Mocenigo quer aprender a arte da profecia, e Giordano explica a diferença entre a magia natural e a magia negra, "coisa de charlatões". Bruno pratica a magia natural, e não a bruxaria. Ao ensinar a arte da memória, ele pretende transmitir uma forma rápida de conhecer o mundo, oferecendo instrumentos para nele operar. Se o homem é a imagem do universo em miniatura, é através da imaginação e da memória que se podem atingir as verdades ocultas do universo, e não há bruxaria alguma nisso. Não à toa, o filme mostra Giordano manipulando cartas semelhantes ao Tarot de Marselha. Afinal, o Tarot é também parte da arte mnemônica e Giordano, como outros filósofos naturais interessados na construção de sistemas lógicos e simbólicos, acabaria por desenhar o seu próprio jogo de cartas, composto por 67 figuras e 48 imagens arquetípicas do Zodiáco e de demônios decanos. Giordano só pode ensinar a arte da memória: Mocenigo se revolta, e denuncia Bruno à Igreja de Veneza que, em função da pressão de Roma, para lá o envia.
Giordano Bruno reproduz o período de inquisição do filósofo: são mais de sete anos em cárcere privado, com interrogatórios constantes e torturas. O Santo Ofício está dividido, e nem todos estão de acordo com a punição a Giordano. Ao final, prevalece a ala mais conservadora: Giordano é condenado por escrever contra o Papa e a Igreja, colocar em dúvida a virgindade de Maria, negar a transubstanciação da carne, afirmar que Cristo era apenas um mago, defender a existência de mundos inúmeros e eternos, afirmar que a Terra gira em torno do Sol, crer na reencarnação e não no inferno, e defender a magia como prática lícita. Incapaz de assumir a ordem de execução, o Santo Ofício transfere a responsabilidade para o braço secular de Roma. Afinal, "a Igreja não permite derramamento de sangue".

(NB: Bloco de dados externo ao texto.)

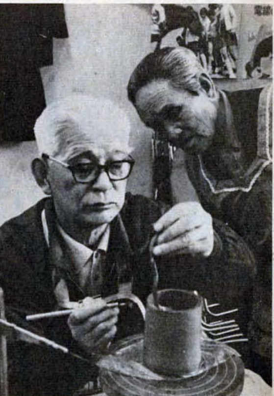
成人の日に記念のコーヒーカップを贈ろうと思って（陶芸講座・小倉北区）

O Santo Ofício lhe oferece a vida em troca de uma retratação pública. Giordano já abjurara em Veneza, na esperança de poder continuar escrevendo e transitando livremente. Em Roma, porém, abjurar significa enterrar-se vivo. Ele rejeita a concessão. "Não devo crer que deva desprezar a vida. Ou que não tenha medo. Contra a loucura do sangue e da morte, a natureza grita em voz alta que a matéria e Formas não devem temer a morte, por que matéria e Formas são princípios constantes. A eternidade do Todo compreende o Universo. E é tudo e de todos. Em todos os lugares e pontos. E eu amo a vida". Sua morte não encerra uma existência anacrônica. Não por estar adiante do seu tempo, mas por pertencer a ele, Giordano é amordaçado, e queimado vivo.